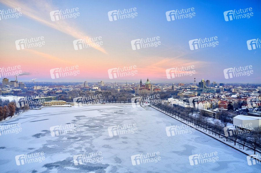 Luftbild vom zugefrorenen Maschsee bei Sonnenaufgang im Winter. (Der Drohnenflug wurde ordnungsgemäß bei der Polizei Leitstelle Hannover angemeldet) Hannover, 14.02.2021
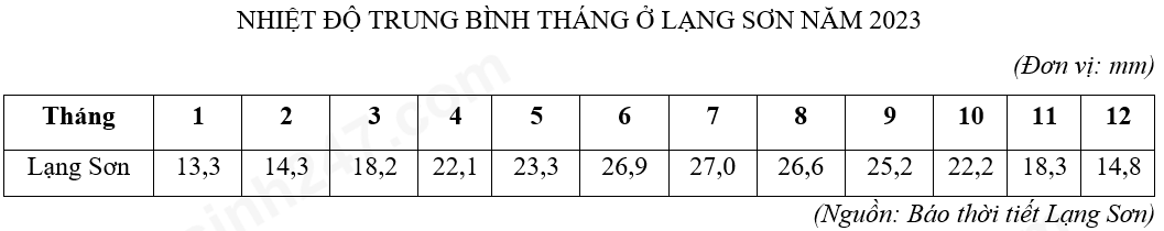 Cho bảng số liệu:Dựa vào bảng số liệu, hãy cho biết nhiệt độ trung bình năm tại Lạng Sơn
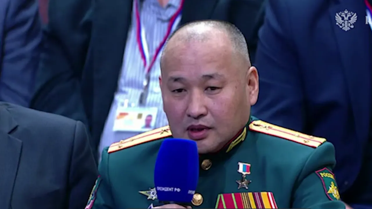 Во время "Прямой линии" Владимир Путин дал слово командиру штурмовой бригады, Герою России Нарану Очир-Горяеву. Глава России попросил рассказать подробности о взятии Северска.
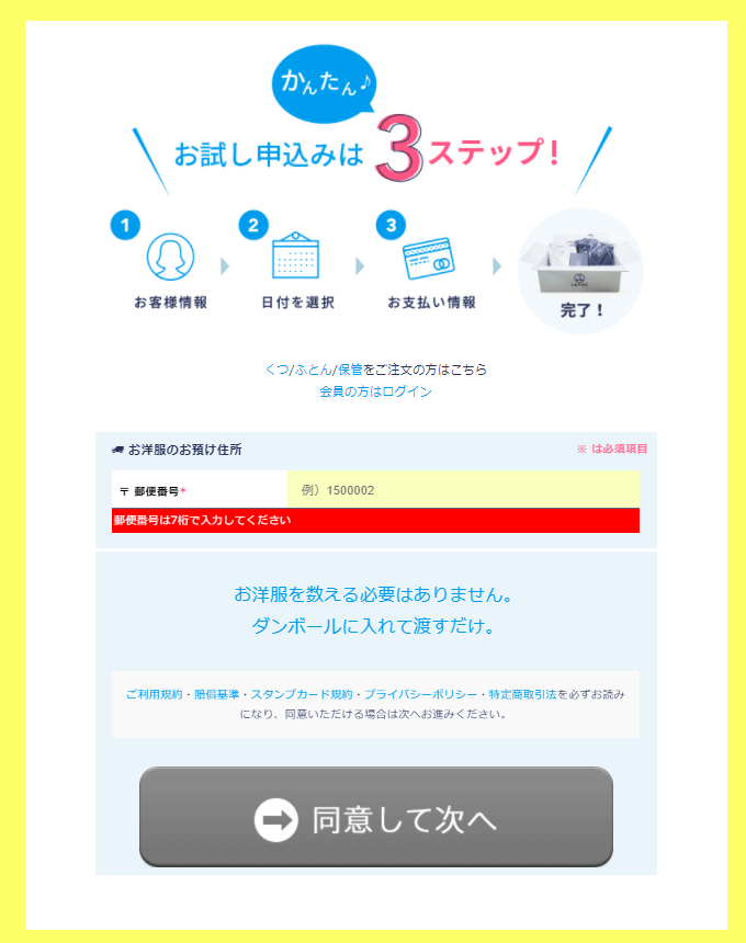 専用袋にクリーニング品を入れてコンビニに持っていくだけなのでとっても簡単です!
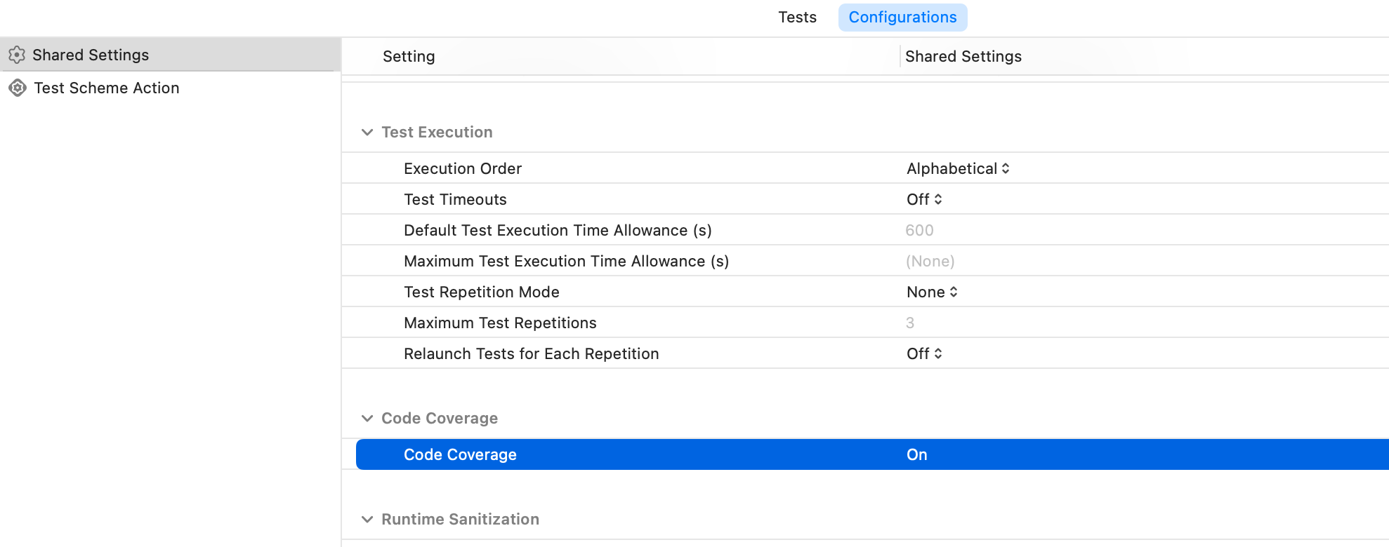 설정 이후에 github action에서 테스트 커버리지가 안나와서 봤더니 Code Coverage 옵션이 꺼져있었다... On으로 바꿔주었다.
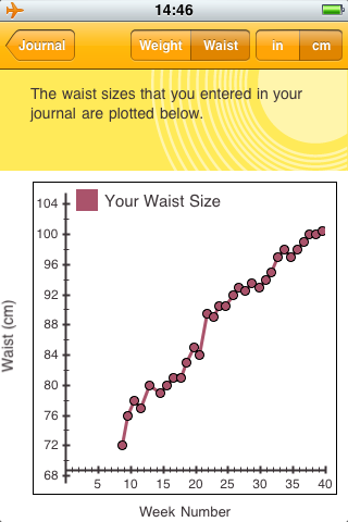 Zum einen haben wir das Gewicht und den Bauchumfang jede Woche eingetragen und hatten durch einen eingetragenen Korridor in der Übersichtsgrafik eine gewisse Bestätigung das die Entwicklung auf den richtigen Weg ist. Auch die Stimmung kann man eintragen, aber wir haben da keinen Nutzen für uns entdeckt. Also es gibt eine Grafik für den Bauchumfang und eine für das Gewicht.
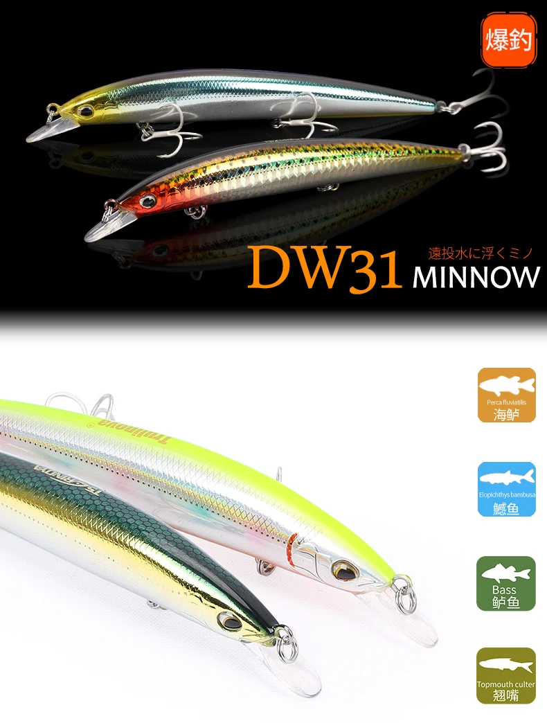 TSURINOYA DW31 Floating Minnow Jerkbait Hard Lure 129mm 14.8g 1m Depth Long Casting Lure Seabass Swimbait Wobblers Crankbait
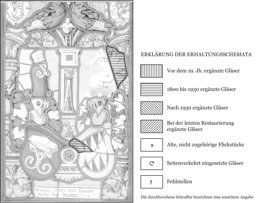 Je ein Stück im Wappen von Bonstetten und in dessen Helmzier neu ergänzt; Sprungbleie; die Verbleiung erneuert.
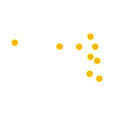 1. Courtyard 2. Central Nave 3. Tomb 4. Apse 5. Transcept1 6. Transcept2 7. Baptistry 8. Cloister 9. Museum
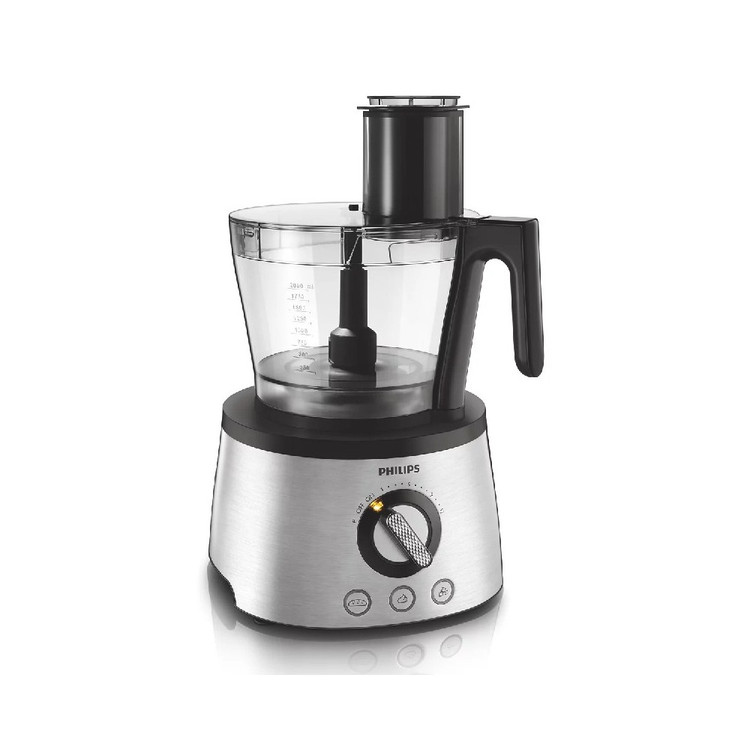 غذاساز «فیلیپس» (Philips) مدل «HR7778» دستگایی باکیفیت و پرکاربرد است. با این دستگاه میتوانید در خانه نان و کیک بپزید، انواع موادغذایی را خرد یا رنده کرده و انواع نوشیدنیها را تهیه کنید. بدنهی این دستگاه از استیل ضدزنگ ساخته شده است که عمر طولانی دستگاه را تضمین میکند. با کمک دکمهی چرخشی روی دستگاه میتوان سرعت چرخش موتور را تا 12 درجه تغییر داد و در مواجهه با مواد سخت و سفت، با چرخاندن دکمه روی حالت پالس، از حداکثر توان موتور برای چند لحظه استفاده کرد. این دکمهی چرخشی، روکش کرومی دارد و سطح آن طوری طراحی شده است که هنگام کار از دست لیز نمیخورد. دکمههایی برای درستکردن خمیر، کرم و تهیهی نوشیدنی با یخ بهصورت پیشفرض طراحی شدهاند و در صورت فشردن هرکدام از این دکمهها، دستگاه بهصورت خودکار نوع عملکرد انتخابشده را با سرعت مناسب آن عملکرد برای رسیدن به بهترین نتیجه تنظیم میکند.
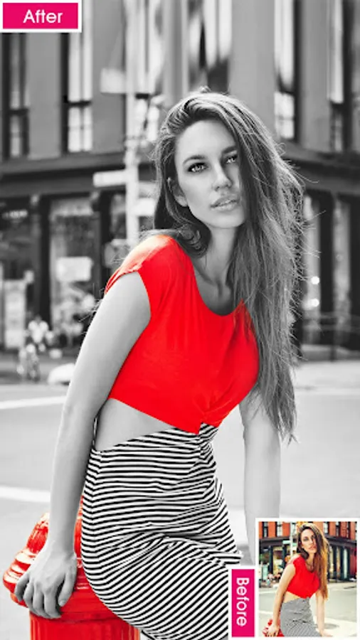 Who don't like black and white color splash?,Everyone fall in love with greyscale photos. So take a photo from gallery or take a selfie from our Selfie camera option of this photo editor, draw on the image which you want to apply splash or greyscale effect and click on done button, In single click apply the greyscale effect on the photo. Add a splash of color to your photography with this colorful pics art.Try photo editing effects, Photo Color Effect, Bokeh Effect and adjust photo with a visual histogram in this photo editing app and photoshop your photo in one touch.Try funny photo editing in our funny photo editor by adding funny stickers.Create fashion frames in fashion photo editor by Editing images in this High quality photo editor.
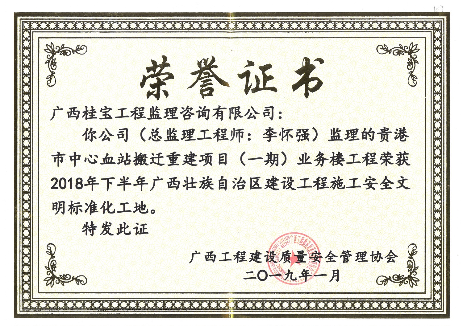 桂宝公司监理的贵港市中心血站搬迁重建项目(一期)业务楼工程荣获2018年下半年广西壮族自治区建设工程施工安全文明标准化工地
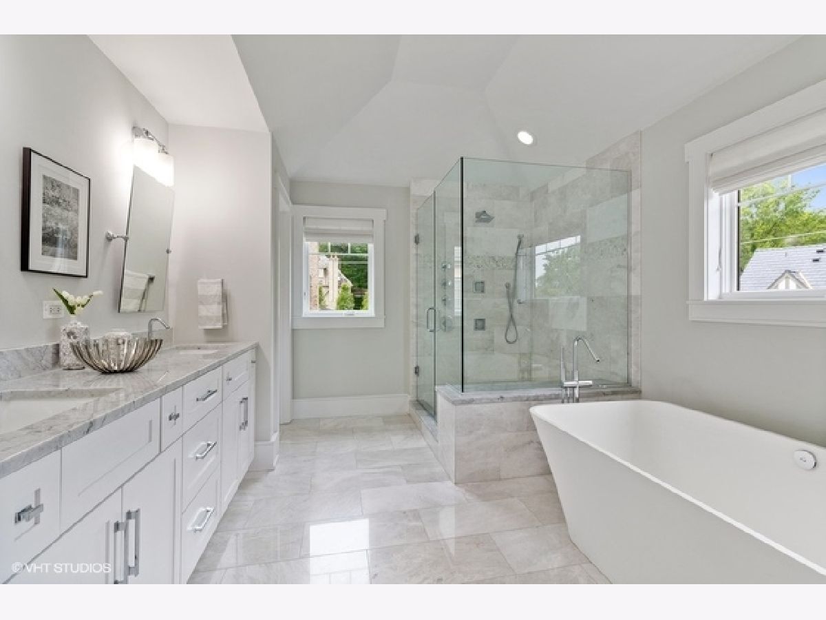 Stunning 6 bedroom, 5.1 bath home with attached garage in walk-to-everything Hinsdale location. This 4-year old home shows like new construction - with pristine hardwood floors, striking light fixtures, great ceiling heights, designer finishes and beautiful backyard - it is nothing short of gorgeous. The first floor is open and bright featuring a beautiful living and dining room, a sleek kitchen with custom white cabinets and marble counters, a huge island with quartz counters and seating for seven, and high-end appliances including Wolf and SubZero. The family room showcases a fireplace flanked by custom built-in shelves, and large windows display the outside retreat. The master bedroom suite with a custom wallpaper accent wall has a spa-like bath, separate shower and soaking tub and two walk-in closets. An additional three bedrooms with two more baths complete the second level. The third floor fifth bedroom and private bath are also an ideal space for an office. The lower level includes a large rec and game area, a wet bar with two custom glass wine closets and an additional 6th bedroom and full bath. The backyard is newly landscaped with a limestone patio and outfitted with sprinkler system. The result is outstanding! This home is steps away from downtown Hinsdale, two train stations and a park with tennis courts. You will want to call this one home!

_____

PROBLEM DESCRIPTION → Only these lines belong in the answer: the first line of the listing above through the line holding "Cho bảng số", printed exactly and without pictures.

FINISHED TASK →
 Luftbild vom zugefrorenen Maschsee bei Sonnenaufgang im Winter. (Der Drohnenflug wurde ordnungsgemäß bei der Polizei Leitstelle Hannover angemeldet) Hannover, 14.02.2021
 Cho bảng số liệu:Dựa vào bảng số liệu, hãy cho biết nhiệt độ trung bình năm tại Lạng Sơn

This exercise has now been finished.